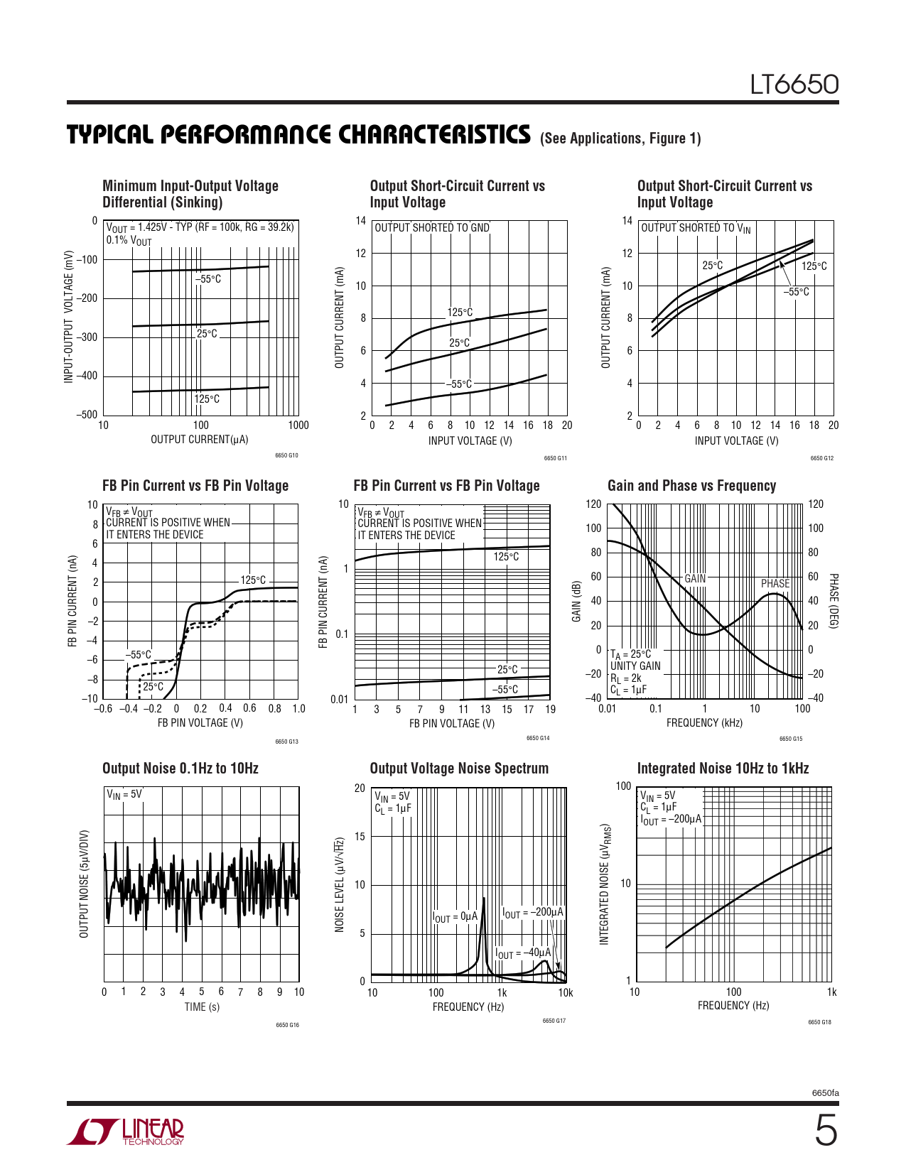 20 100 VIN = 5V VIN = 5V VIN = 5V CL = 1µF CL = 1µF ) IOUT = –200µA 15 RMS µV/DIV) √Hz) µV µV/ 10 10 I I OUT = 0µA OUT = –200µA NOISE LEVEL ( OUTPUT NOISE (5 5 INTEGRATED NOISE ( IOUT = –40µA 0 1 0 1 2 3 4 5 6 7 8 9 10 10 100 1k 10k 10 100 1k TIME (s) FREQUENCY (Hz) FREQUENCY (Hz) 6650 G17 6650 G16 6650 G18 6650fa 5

-=-=-

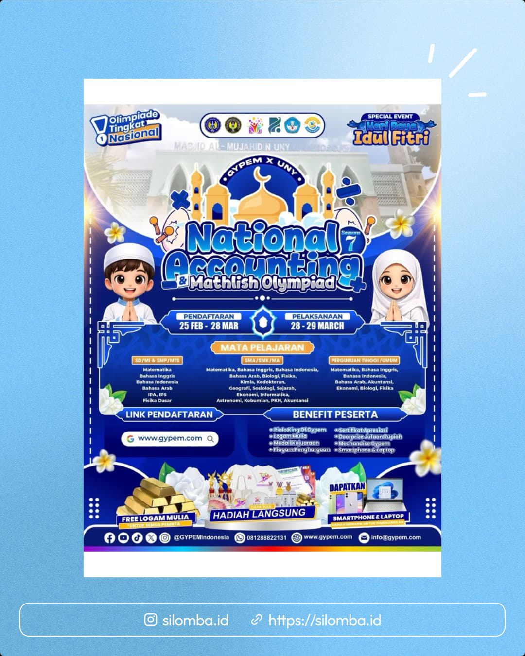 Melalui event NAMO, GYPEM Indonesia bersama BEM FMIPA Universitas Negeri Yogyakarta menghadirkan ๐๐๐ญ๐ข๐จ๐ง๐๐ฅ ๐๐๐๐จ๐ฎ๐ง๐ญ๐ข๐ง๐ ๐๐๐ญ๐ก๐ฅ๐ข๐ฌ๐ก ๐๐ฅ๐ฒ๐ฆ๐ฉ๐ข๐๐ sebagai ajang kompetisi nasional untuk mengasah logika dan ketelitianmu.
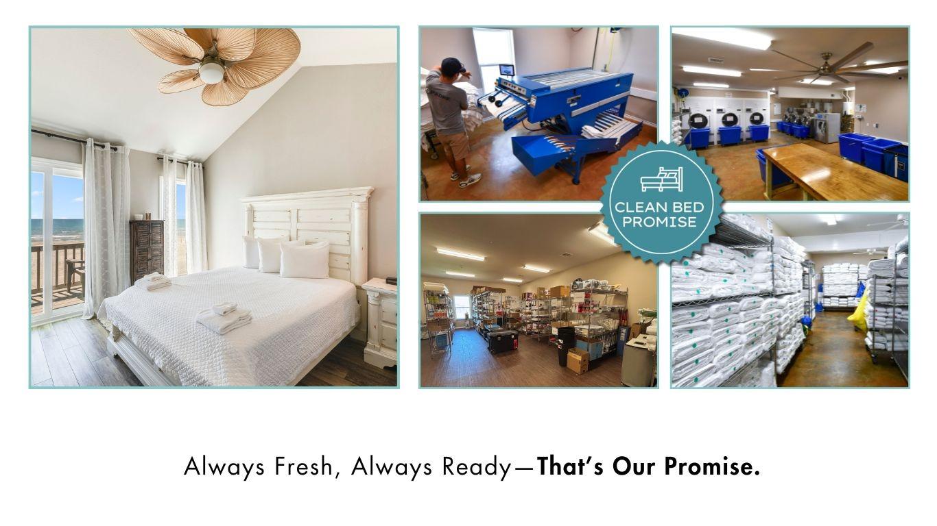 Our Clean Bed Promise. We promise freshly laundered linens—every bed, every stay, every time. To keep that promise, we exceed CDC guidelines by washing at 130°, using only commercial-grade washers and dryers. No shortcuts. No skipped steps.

-=-=-

- Your instructions -
Copy exactly, without pictures, the lines above from the one with "Melalui event NAMO, GYPEM" down to the one with "Our Clean Bed", inclusive.

- Answer area -
 Melalui event NAMO, GYPEM Indonesia bersama BEM FMIPA Universitas Negeri Yogyakarta menghadirkan ๐๐๐ญ๐ข๐จ๐ง๐๐ฅ ๐๐๐๐จ๐ฎ๐ง๐ญ๐ข๐ง๐ ๐๐๐ญ๐ก๐ฅ๐ข๐ฌ๐ก ๐๐ฅ๐ฒ๐ฆ๐ฉ๐ข๐๐ sebagai ajang kompetisi nasional untuk mengasah logika dan ketelitianmu.
 Our Clean Bed Promise. We promise freshly laundered linens—every bed, every stay, every time. To keep that promise, we exceed CDC guidelines by washing at 130°, using only commercial-grade washers and dryers. No shortcuts. No skipped steps.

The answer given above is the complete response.